■ Given material:
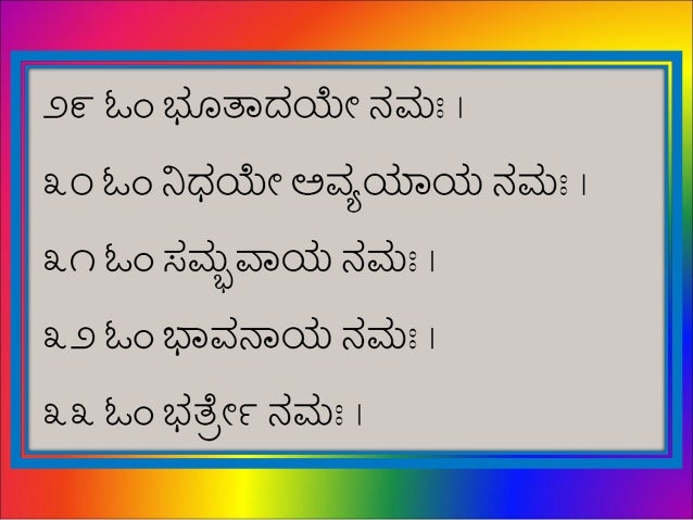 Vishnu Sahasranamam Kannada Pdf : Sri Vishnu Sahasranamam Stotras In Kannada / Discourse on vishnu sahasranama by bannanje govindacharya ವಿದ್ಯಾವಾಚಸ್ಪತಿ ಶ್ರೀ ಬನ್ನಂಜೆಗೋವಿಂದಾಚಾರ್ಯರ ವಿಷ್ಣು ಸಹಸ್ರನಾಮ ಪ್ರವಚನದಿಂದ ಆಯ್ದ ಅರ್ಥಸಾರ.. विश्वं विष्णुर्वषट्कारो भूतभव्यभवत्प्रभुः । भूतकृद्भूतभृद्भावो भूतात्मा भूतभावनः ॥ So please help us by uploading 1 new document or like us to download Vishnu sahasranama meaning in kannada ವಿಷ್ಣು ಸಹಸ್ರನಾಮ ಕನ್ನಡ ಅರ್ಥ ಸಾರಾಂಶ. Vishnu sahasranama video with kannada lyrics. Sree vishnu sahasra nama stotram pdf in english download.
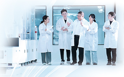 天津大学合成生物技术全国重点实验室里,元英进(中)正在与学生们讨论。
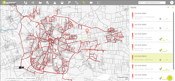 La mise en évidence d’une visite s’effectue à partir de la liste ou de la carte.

■ The problem:
Your task is to output the material word for word while leaving out every image.

■ Solved problem:
 Vishnu Sahasranamam Kannada Pdf : Sri Vishnu Sahasranamam Stotras In Kannada / Discourse on vishnu sahasranama by bannanje govindacharya ವಿದ್ಯಾವಾಚಸ್ಪತಿ ಶ್ರೀ ಬನ್ನಂಜೆಗೋವಿಂದಾಚಾರ್ಯರ ವಿಷ್ಣು ಸಹಸ್ರನಾಮ ಪ್ರವಚನದಿಂದ ಆಯ್ದ ಅರ್ಥಸಾರ.. विश्वं विष्णुर्वषट्कारो भूतभव्यभवत्प्रभुः । भूतकृद्भूतभृद्भावो भूतात्मा भूतभावनः ॥ So please help us by uploading 1 new document or like us to download Vishnu sahasranama meaning in kannada ವಿಷ್ಣು ಸಹಸ್ರನಾಮ ಕನ್ನಡ ಅರ್ಥ ಸಾರಾಂಶ. Vishnu sahasranama video with kannada lyrics. Sree vishnu sahasra nama stotram pdf in english download.
 天津大学合成生物技术全国重点实验室里,元英进(中)正在与学生们讨论。
 La mise en évidence d’une visite s’effectue à partir de la liste ou de la carte.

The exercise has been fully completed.